Dulce Base -- Leo Sprinkle: The Hypnotist and the Confabulation Problem
Dulce Base -- Leo Sprinkle: The Hypnotist and the Confabulation Problem
Biography
| Field | Detail |
|---|---|
| Full name | Ronald Leo Sprinkle |
| Academic position | Professor of Counseling Psychology; University of Wyoming, Laramie; tenured |
| UFO research specialty | "UFO contact" reports; regression hypnosis with claimed abductees; founder of Rocky Mountain Conference on UFO Investigation at the University of Wyoming |
| Reputation in 1980 | One of the most academically credentialed investigators applying hypnosis to UFO contact cases; recommended by APRO director James Lorenzen to Bennewitz specifically because of his academic standing |
| Role in Dulce mythology | Conducted the May 11-12, 1980 hypnotic regression sessions with Myrna Hansen that generated the core imagery of the Dulce Base legend: the underground facility, the body parts in vats, the captive humans |
The Hypnosis Sessions: What Happened
The specific circumstances of the Myrna Hansen hypnosis sessions are documented in detail by Greg Bishop in "Project Beta." The conditions were unusual even by the non-standard practices of UFO regression hypnosis:
- Sessions conducted in Bennewitz's Lincoln Town Car
- Car parked in Bennewitz's garage
- Windows of the car covered with thick aluminum foil
- The physical and social environment maximally controlled by Bennewitz and Hansen
- Sprinkle was a visitor in Bennewitz's space, working with a subject who was staying in Bennewitz's home
These conditions created an extremely suggestive environment for hypnotic sessions. Sprinkle, whatever his intentions, was working in a space saturated with Bennewitz's developing alien base theory, with a subject who had an ongoing relationship with that theorist, under physical conditions that isolated the subject from outside reality cues.
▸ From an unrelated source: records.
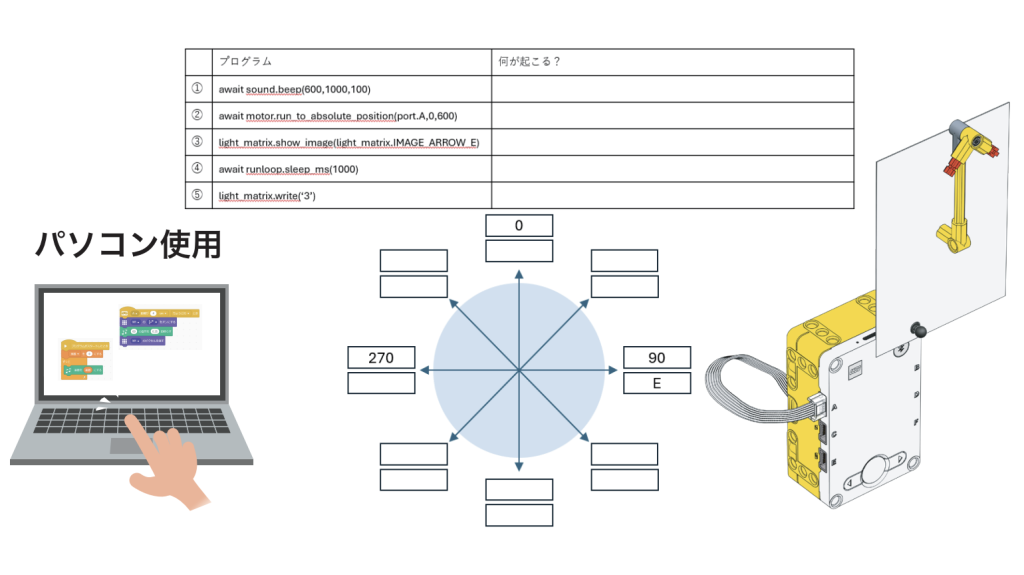 救助隊が正確に要救助者野本に向かうために、スマートナビゲーターを見ながら進みましょう。Python という実際のソフトウェアやアプリケーションに使用されているプログラミング言語で SPIKE™ プライムを動かします。
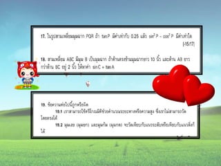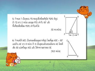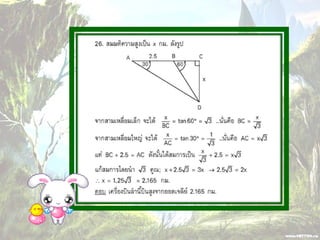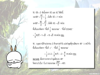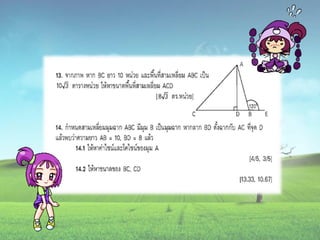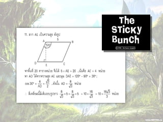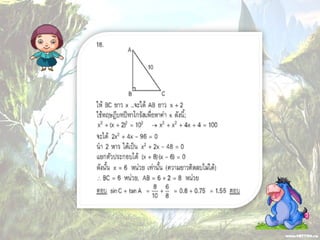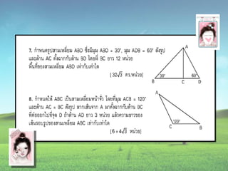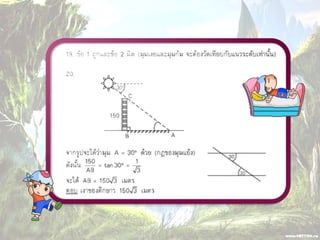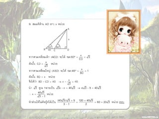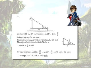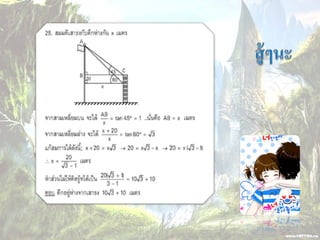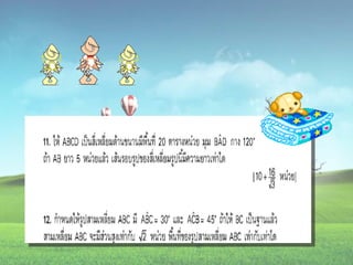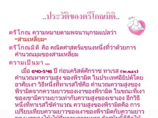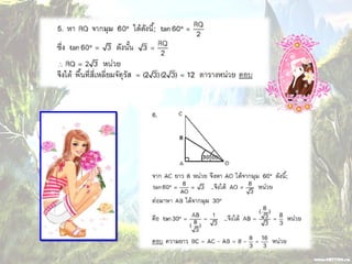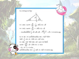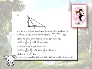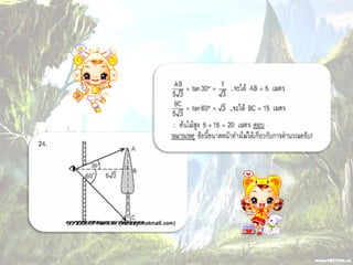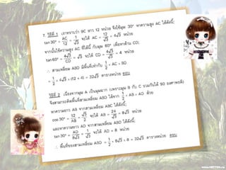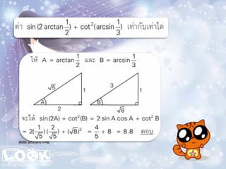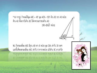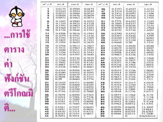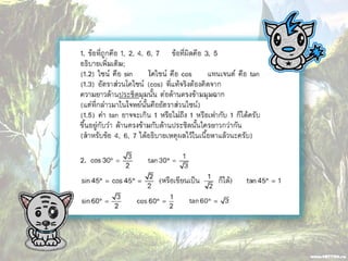 1. 0 <sin A < 1 และ cosec A > 1 2. 0 < cos A < 1 และ sec A > 1 3. sin ( A + B ) = sin A + sin B 4. ( sin A )( sin A ) = (sin A) 2 = sin 2A ¹ sin A 2 5. sin A = cos ( 90 – A ) 6. cos A = sin ( 90 – A ) 7. tan A = cot ( 90 – A ) 8. sec A = cosec ( 90 – A )
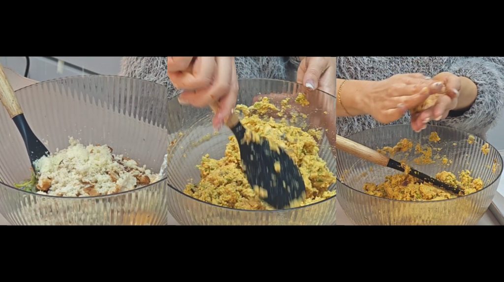 grated parmesan and breadcrumbs. Mix well until you obtain a soft but moldable mixture.
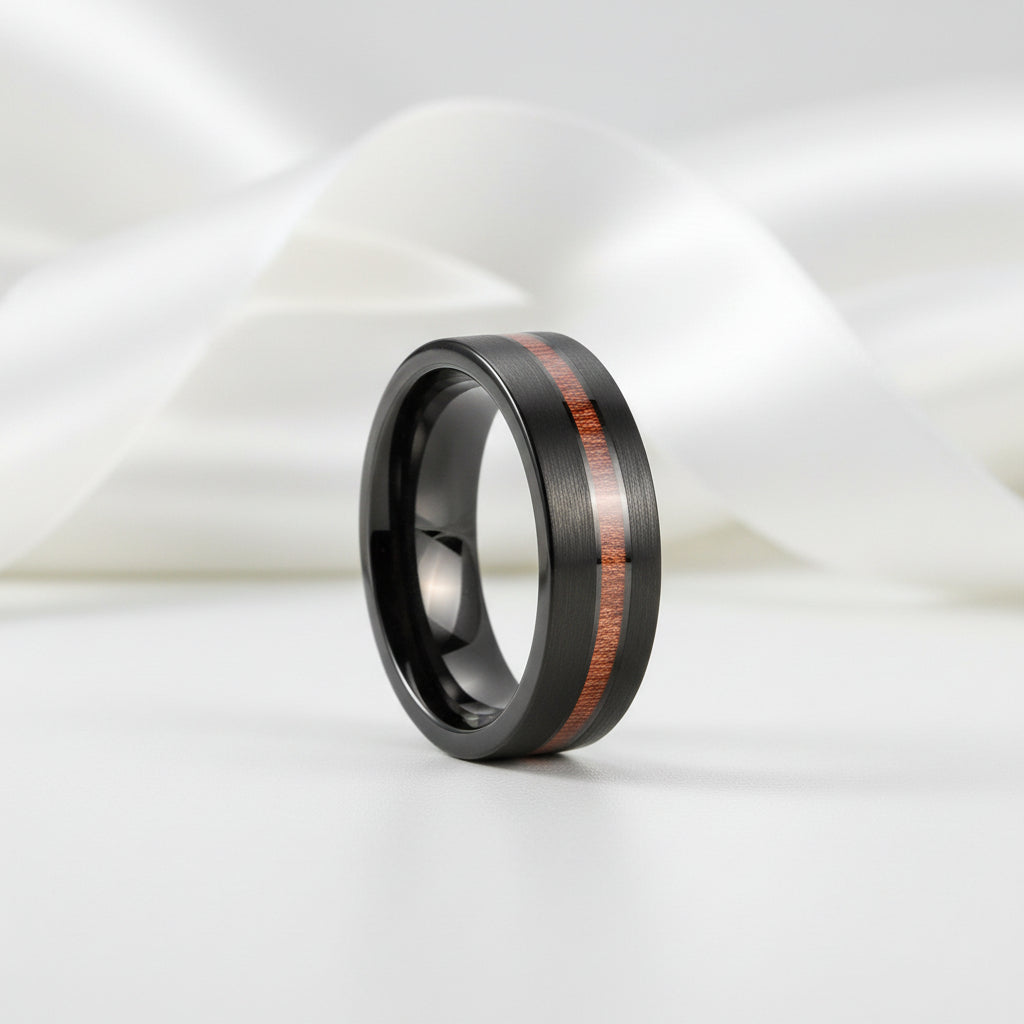 This Black Tungsten Carbide Wedding Band features a 6mm wide matte black plated surface with a tension mount design. It is elegantly inlaid with natural KOA wood, combining durable tungsten metal with the organic beauty of wood for a refined and distinctive look.
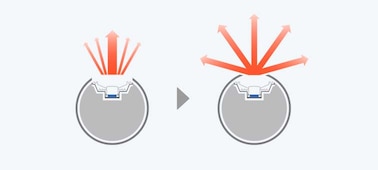 Unlike a conventional speaker, with most of the energy focused from the centre of the cone, our unique Line-Shape Diffuser refocuses the sound through a narrow aperture. The increase in sound pressure energy spreads the audio equally in each direction both further and wider out from the speaker.

The Science of Hypnotic Confabulation
The scientific and legal understanding of hypnotic memory recovery has evolved substantially since 1980. The current scientific consensus:
- Hypnosis reliably increases the confidence subjects have in their memories, regardless of whether those memories are accurate
- Hypnotically "recovered" memories are typically a mixture of genuine memory fragments, imagination, and confabulation (the generation of plausible but false memories that fill gaps)
- The hypnotist's expectations, prior beliefs, and questioning style substantially influence what subjects "remember"
- Hypnotically generated accounts consistently reflect the cultural templates available to the subject at the time of the session
- Many U.S. states and federal courts do not permit testimony based on hypnotically refreshed memory, specifically because of confabulation risks
Under these criteria, the Myrna Hansen sessions were conducted in conditions maximally likely to produce confabulation consistent with Bennewitz's developing theory:
- The hypnotist (Sprinkle) was predisposed toward ET contact explanations
- The subject (Hansen) was living in the home of a person who was developing an elaborate alien base theory
- The cultural environment (1980) was already saturated with abduction narratives
- The physical isolation (car with foil-covered windows) maximized suggestibility
What the Sessions Actually Demonstrate
The Hansen sessions are reliable evidence about one thing: the imagery generated under hypnosis in this specific social and physical environment, by this specific subject, with this specific hypnotist. They are not reliable evidence about what Hansen actually experienced before May 1980.
The underground facility, the body parts in vats, the implanted device -- these elements are entirely consistent with the confabulated imagery that hypnosis research predicts in exactly these conditions. They became the foundation of the Dulce Base mythology not because they represent real locations but because they represent vivid confabulated imagery that entered the mythology at its founding moment.